## Assigned task
Write out the data below exactly as given, without any of its pictures.

## Extracted records
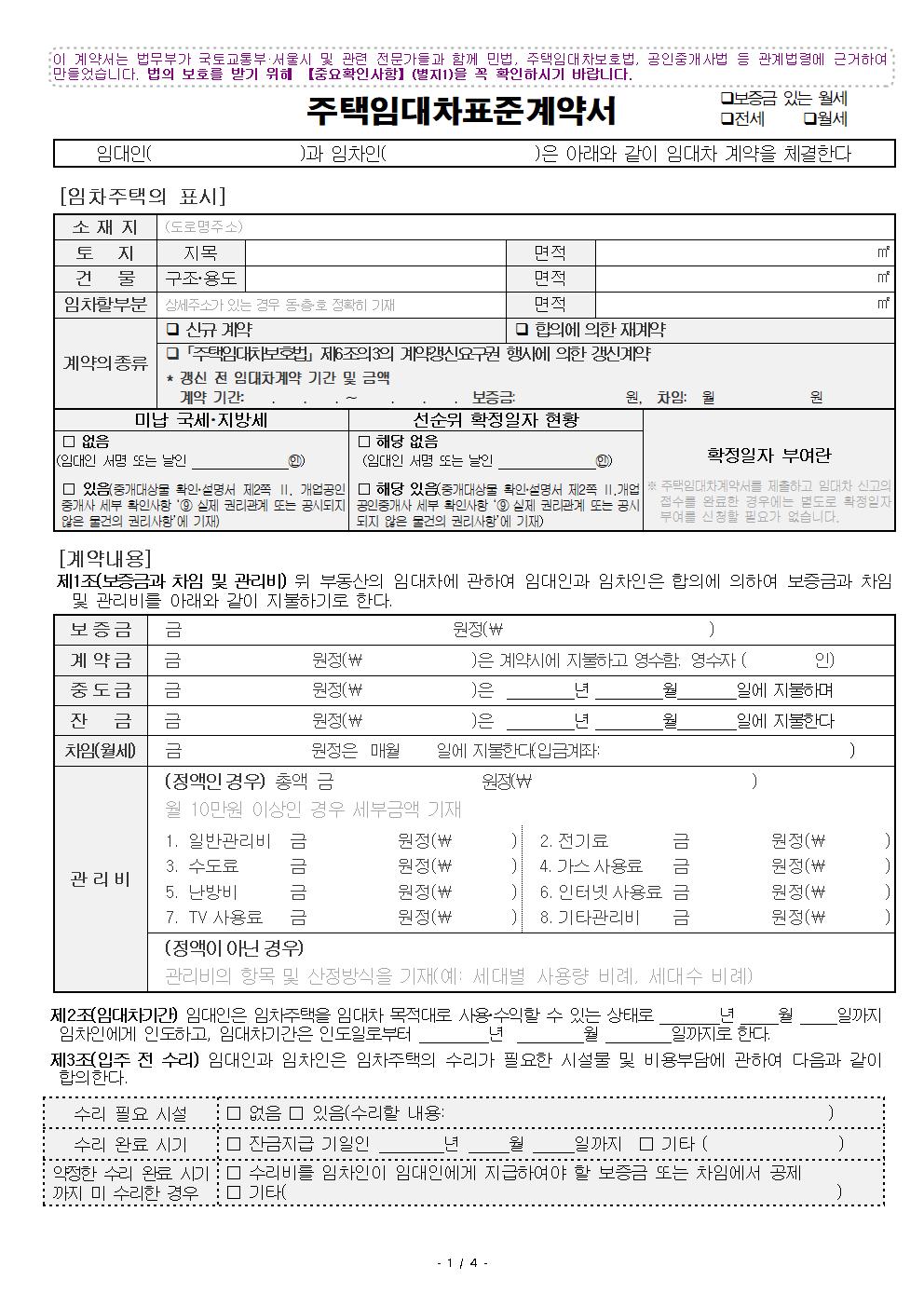 부동산 표준 임대차계약서 양식 무료다운 받기
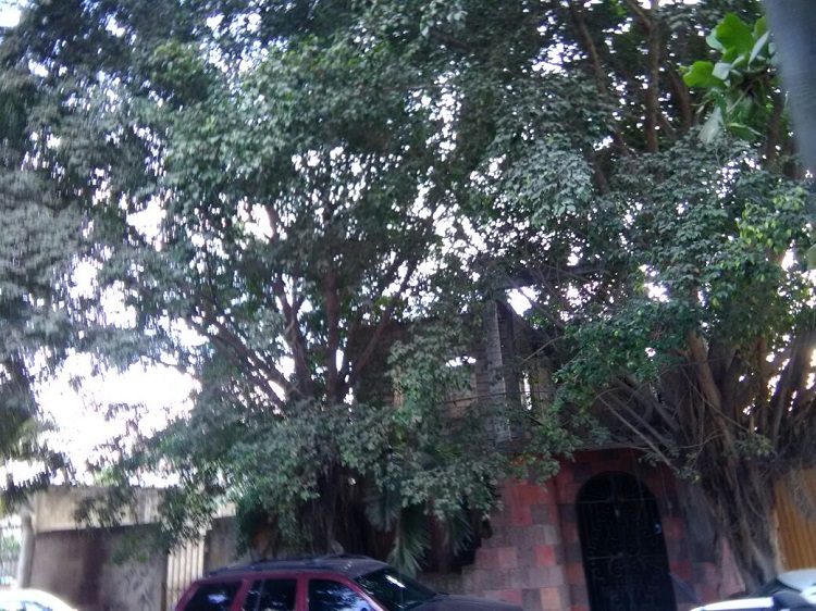 Vecinos del área reportan esta situación y piden la intervención de Servicios Públicos Municipales para que poden estos árboles. Son dos árboles que consideran de mucho peligro para quienes pasan por ahí. Comentan que si hay iluminación en esas calles, pero por lo frondoso de los árboles y porque se ha visto ahí como se trepan los malandrines de la colonia, esa casa y la copa de los árboles se ha convertido en nido de malvivientes.
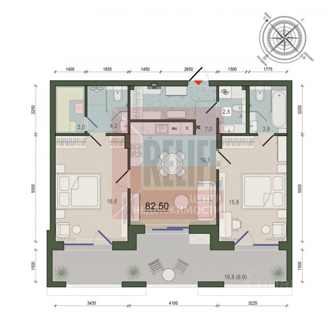 Общая площадь квартиры 82.5 кв.м. Планировка квартиры функциональна и продумана до мелочей, что обеспечивает достойное и комфортное проживание. Просторная кухня-гостиная с выходом на балкон, площадью 19.1 кв.м. Спальня 16.8 кв.м. с собственной ванной комнатой, баней и выходом на балкон, спальня 15.8 кв.м. с собственной ванной комнатой и выходом на балкон! Гостевой санузел. Высота потолков 3 метра.
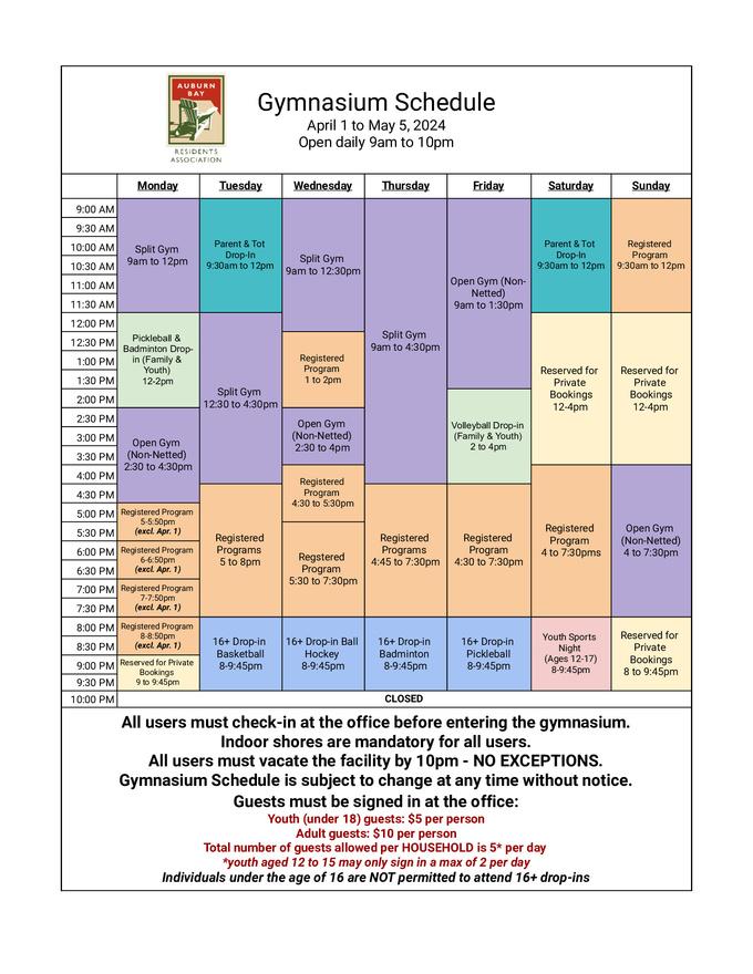 GymnasiumScheduleissubjectto changeatanytimewithoutnotice. Pleaserespectthedesignateddropintimes.
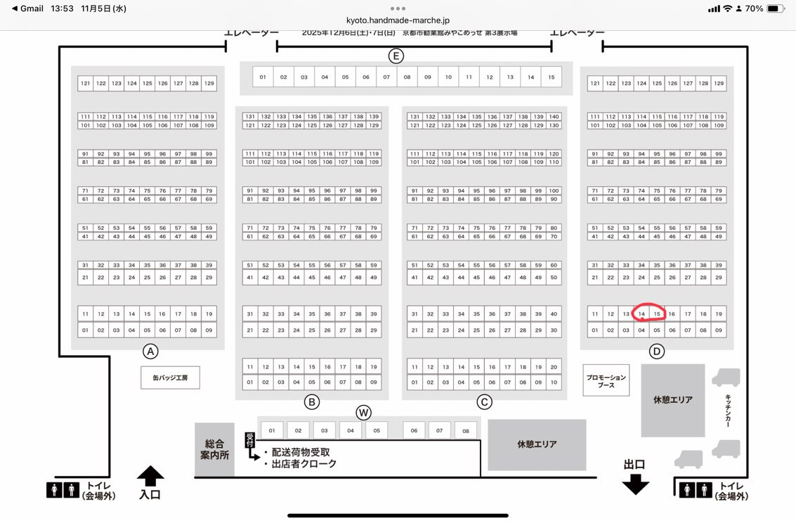 12月6日土曜日の京都ハンドメイドマルシェのブース番号が決まりました!
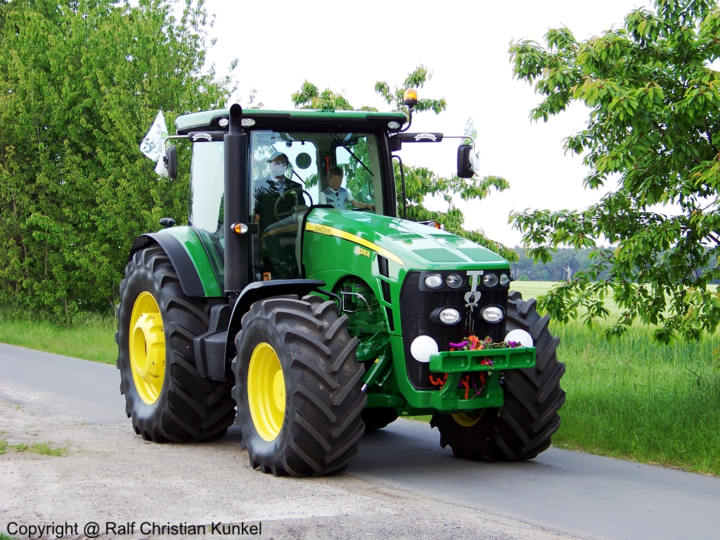 Zweckentfremdet - ein großer John Deere 8295R als Hochzeitskutsche - das ist doch mal was - bekommt man so schnell auch nicht wieder vor die Linse - fotografiert am 29.05.2010 im Landkreis Teltow-Fläming/ Land Brandenburg - Copyright @ Ralf Christian Kunkel
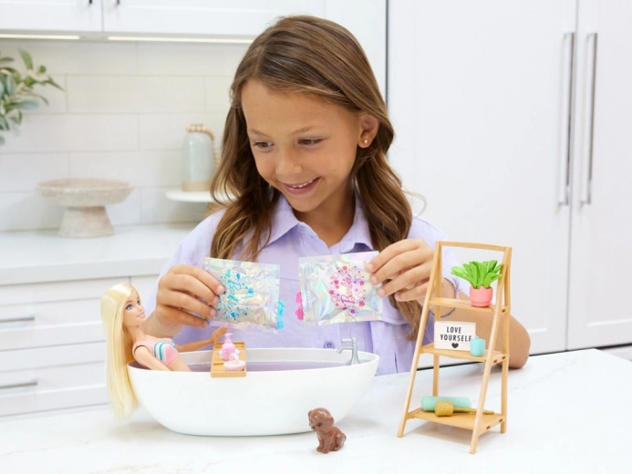 Barbie Relax – Bad mit Konfetti-Schaum und Badewanne, blonde Puppe und Zubehör
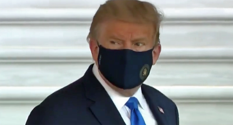 President Donald Trump leaving the White House in a mask while being airlifted to Walter Reed Medical Center (screengrab)
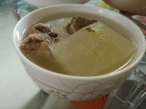 一次性加足水分后,加入冬瓜排骨一起煮沸。三十分钟后加入鸡精盐。
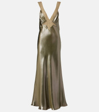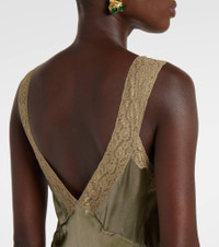 Lace-trimmed gathered silk-charmeuse maxi dress Gold
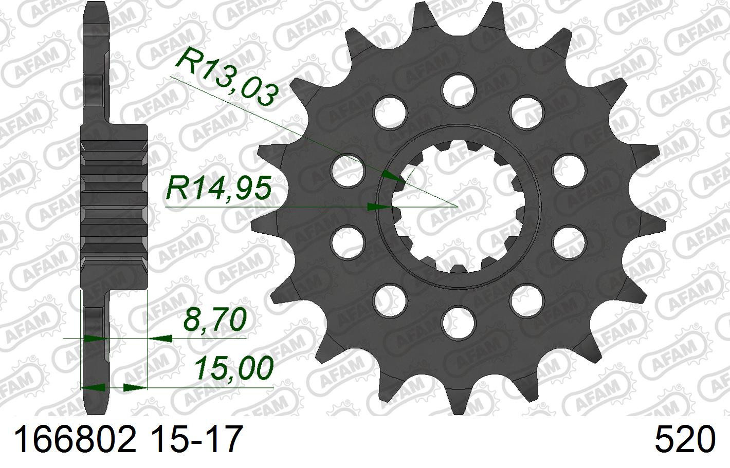 AFAM Zębatka przednia do łańcucha 520 kod 166802-16
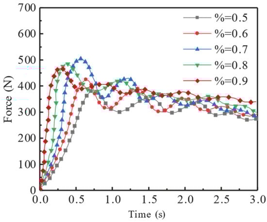 Next, it was determined that the maximum value of longitudinal impact force was related to the liquid filling ratio. For the TLR of 0.7, the maximum longitudinal impact force was 504.5 N. According to Equation (6), the longitudinal impact force is related to the liquid quality and the degree of liquid oscillation displacement []. When the liquid filling ratio was 0.7, the liquid wobble increased, that is, its oscillation degree increased, and the maximum longitudinal impact force value increased.
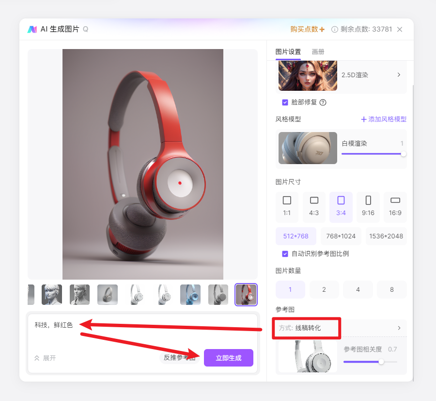 从图库当选取了一张「」图片做为参考图,跟着AI做画变得风行,帮帮用户高效办理图片资本。这里能够选择「白模衬着」。此中取电商产物衬着图相关的模子为3D喷鼻水瓶衬着、白模衬着。改换为中文,做为AI绘画的参考图。
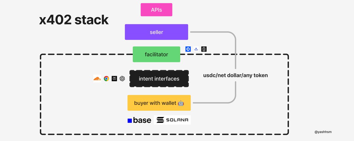 掌控流量入口和用户接口的一方(以及资产 / 公链)将在 x402 生态中获得最大价值。这就是 Coinbase 全力推进的原因,它掌握了端到端的全技术栈 )
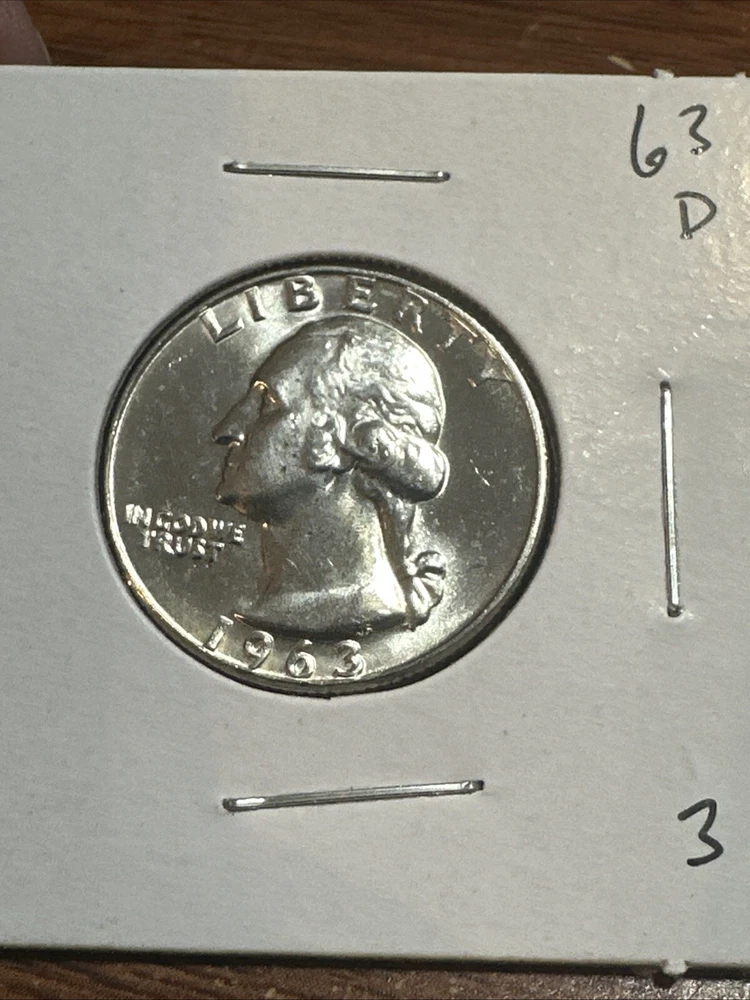 This 1963 D Washington Quarter is a brilliant uncirculated coin that is perfect for any collector. Made of 90% silver, this coin has a denomination of 25C and features a business strike type. The coin was minted in Denver and has not been graded or certified. The obverse side of the coin features the bust of George Washington, while the reverse side showcases the Presidential Seal. This variety of Washington coins is a great addition to any collection and is a must-have for any coin enthusiast. Don't miss out on the opportunity to add this rare and beautiful coin to your collection today. These are business strike coins.
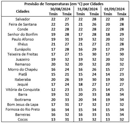 No Estado, a temperatura mínima deve ser de 12 Vitória da Conquista 13 graus em Cocos e a máxima deve atingir 34 graus em Barra, Barreiras, Formosa e Vitória de Conquista.
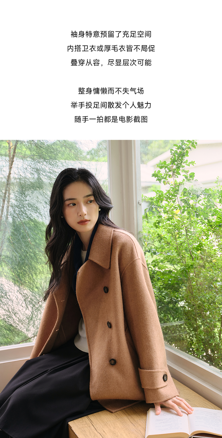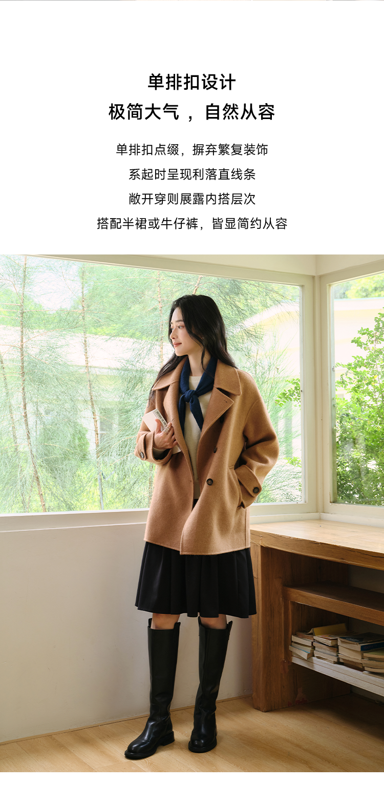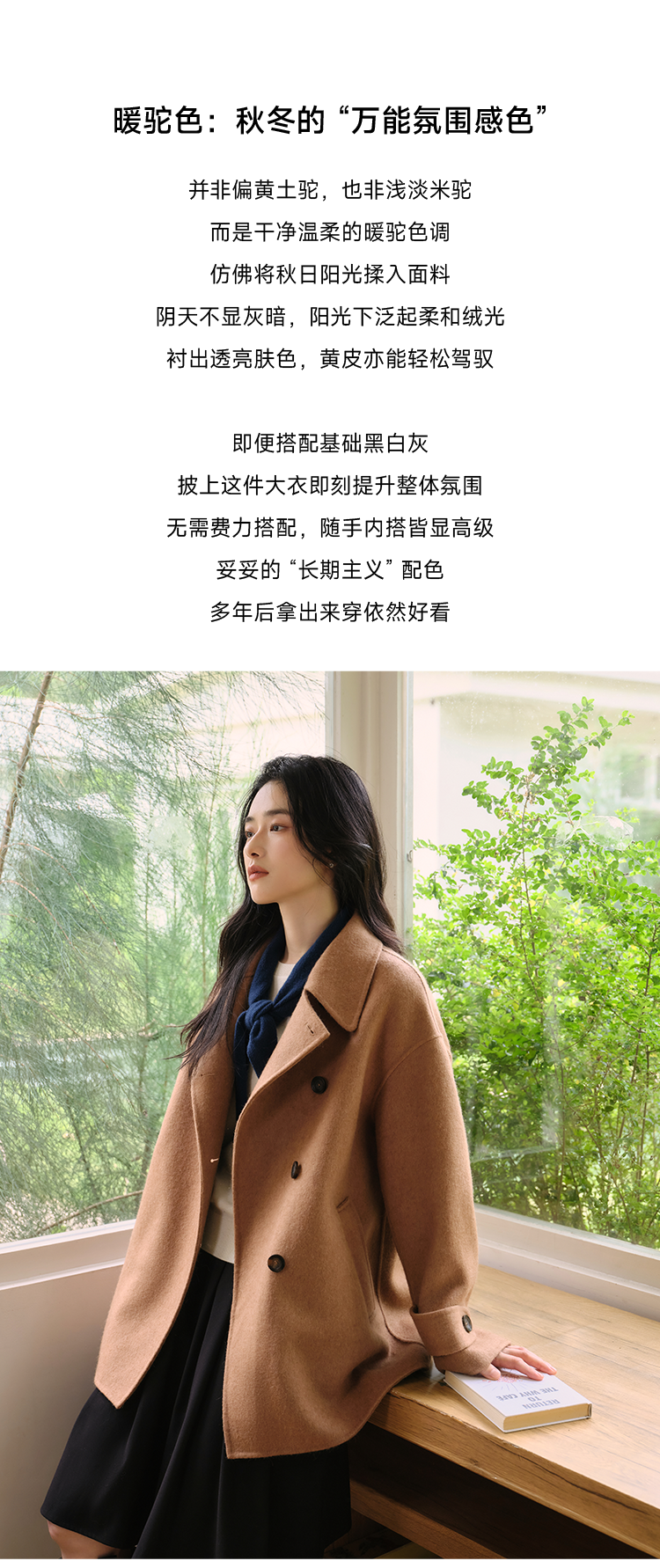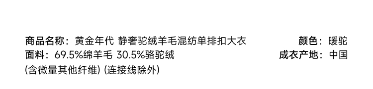 黄金年代 静奢驼绒羊毛混纺单排扣大衣FCF3OVC017

## The completed task
 부동산 표준 임대차계약서 양식 무료다운 받기
 Vecinos del área reportan esta situación y piden la intervención de Servicios Públicos Municipales para que poden estos árboles. Son dos árboles que consideran de mucho peligro para quienes pasan por ahí. Comentan que si hay iluminación en esas calles, pero por lo frondoso de los árboles y porque se ha visto ahí como se trepan los malandrines de la colonia, esa casa y la copa de los árboles se ha convertido en nido de malvivientes.
 Общая площадь квартиры 82.5 кв.м. Планировка квартиры функциональна и продумана до мелочей, что обеспечивает достойное и комфортное проживание. Просторная кухня-гостиная с выходом на балкон, площадью 19.1 кв.м. Спальня 16.8 кв.м. с собственной ванной комнатой, баней и выходом на балкон, спальня 15.8 кв.м. с собственной ванной комнатой и выходом на балкон! Гостевой санузел. Высота потолков 3 метра.
 GymnasiumScheduleissubjectto changeatanytimewithoutnotice. Pleaserespectthedesignateddropintimes.
 12月6日土曜日の京都ハンドメイドマルシェのブース番号が決まりました!
 Zweckentfremdet - ein großer John Deere 8295R als Hochzeitskutsche - das ist doch mal was - bekommt man so schnell auch nicht wieder vor die Linse - fotografiert am 29.05.2010 im Landkreis Teltow-Fläming/ Land Brandenburg - Copyright @ Ralf Christian Kunkel
 Barbie Relax – Bad mit Konfetti-Schaum und Badewanne, blonde Puppe und Zubehör
 President Donald Trump leaving the White House in a mask while being airlifted to Walter Reed Medical Center (screengrab)
 一次性加足水分后,加入冬瓜排骨一起煮沸。三十分钟后加入鸡精盐。
 Lace-trimmed gathered silk-charmeuse maxi dress Gold
 AFAM Zębatka przednia do łańcucha 520 kod 166802-16
 Next, it was determined that the maximum value of longitudinal impact force was related to the liquid filling ratio. For the TLR of 0.7, the maximum longitudinal impact force was 504.5 N. According to Equation (6), the longitudinal impact force is related to the liquid quality and the degree of liquid oscillation displacement []. When the liquid filling ratio was 0.7, the liquid wobble increased, that is, its oscillation degree increased, and the maximum longitudinal impact force value increased.
 从图库当选取了一张「」图片做为参考图,跟着AI做画变得风行,帮帮用户高效办理图片资本。这里能够选择「白模衬着」。此中取电商产物衬着图相关的模子为3D喷鼻水瓶衬着、白模衬着。改换为中文,做为AI绘画的参考图。
 掌控流量入口和用户接口的一方(以及资产 / 公链)将在 x402 生态中获得最大价值。这就是 Coinbase 全力推进的原因,它掌握了端到端的全技术栈 )
 This 1963 D Washington Quarter is a brilliant uncirculated coin that is perfect for any collector. Made of 90% silver, this coin has a denomination of 25C and features a business strike type. The coin was minted in Denver and has not been graded or certified. The obverse side of the coin features the bust of George Washington, while the reverse side showcases the Presidential Seal. This variety of Washington coins is a great addition to any collection and is a must-have for any coin enthusiast. Don't miss out on the opportunity to add this rare and beautiful coin to your collection today. These are business strike coins.
 No Estado, a temperatura mínima deve ser de 12 Vitória da Conquista 13 graus em Cocos e a máxima deve atingir 34 graus em Barra, Barreiras, Formosa e Vitória de Conquista.
 黄金年代 静奢驼绒羊毛混纺单排扣大衣FCF3OVC017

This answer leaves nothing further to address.